• _WORK INSTRUCTIONS_
With the pictures set aside, return the lines below exactly, beginning at the first and ending at the line containing "ऑफ वाइट कलर".

____ DATASET EXCERPT

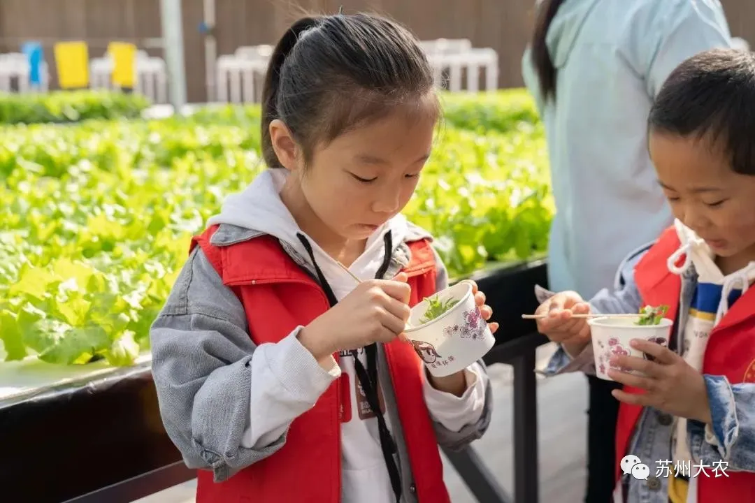 走進(jìn)生長旺盛的蔬菜區(qū)親手采摘,從育苗、移栽、采收都不落下。端詳著剛剛從自己手中的種子變成可以收獲的蔬菜,孩子們明白了家鄉(xiāng)現(xiàn)代農(nóng)業(yè)的真正神奇力量。
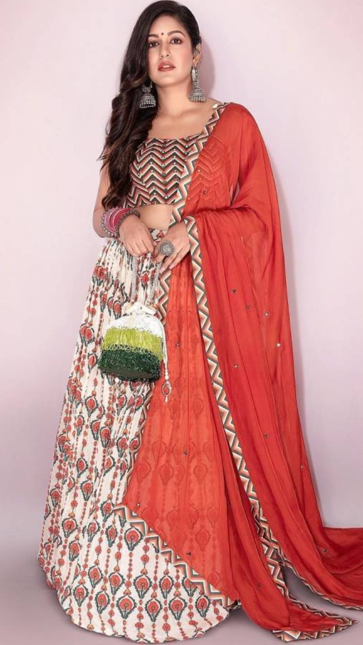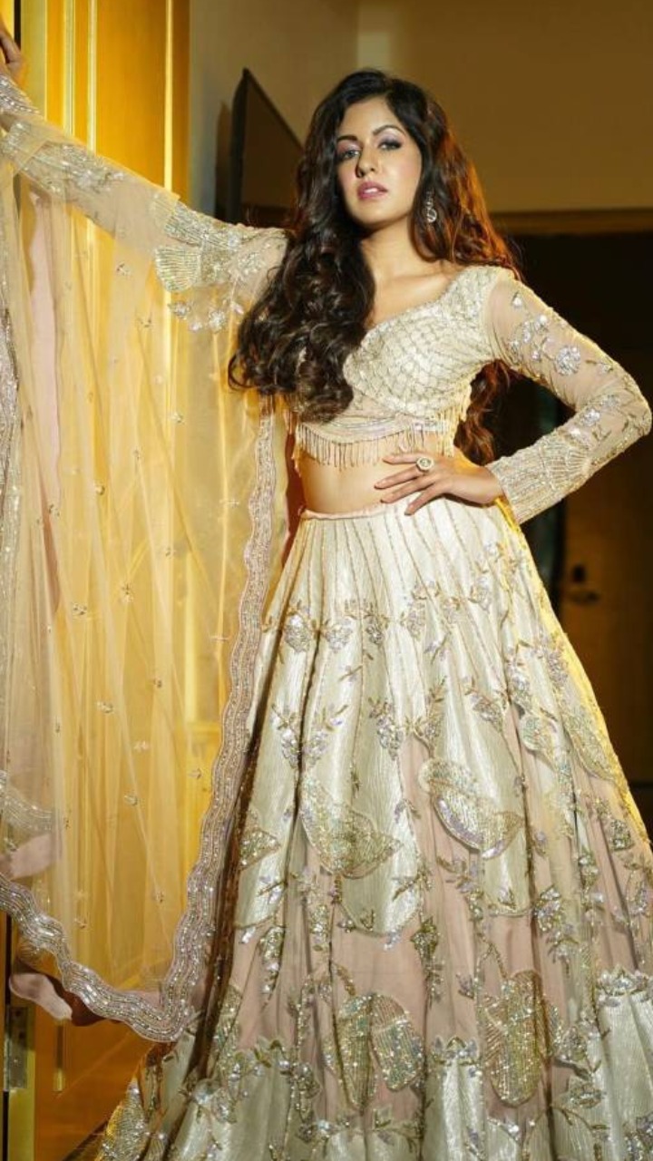 ऑफ वाइट कलर के एंब्रॉयडर्ड लहंगे और फुल स्लीव ब्लाउज में एक्ट्रेस का ये लुक शादी और फैमिली फंक्शन में पहनने के लिए परफेक्ट है।
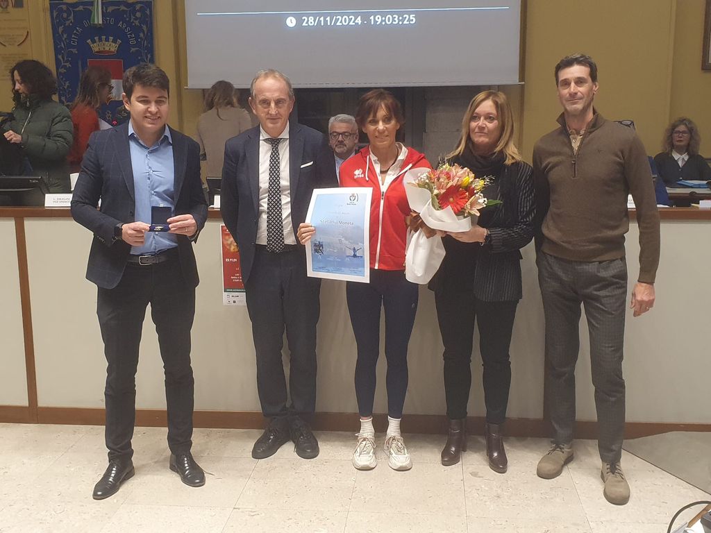 Prima dell’inizio dei lavori, la presidente dell’assise Laura Rogora, il sindaco Emanuele Antonelli, il vicesindaco e assessore allo Sport Luca Folegani hanno premiato l'atleta, affiancata da Roberto Roggiero, presidente della polisportiva.

________

• _YOUR SOLUTION_
 走進(jìn)生長旺盛的蔬菜區(qū)親手采摘,從育苗、移栽、采收都不落下。端詳著剛剛從自己手中的種子變成可以收獲的蔬菜,孩子們明白了家鄉(xiāng)現(xiàn)代農(nóng)業(yè)的真正神奇力量。
 ऑफ वाइट कलर के एंब्रॉयडर्ड लहंगे और फुल स्लीव ब्लाउज में एक्ट्रेस का ये लुक शादी और फैमिली फंक्शन में पहनने के लिए परफेक्ट है।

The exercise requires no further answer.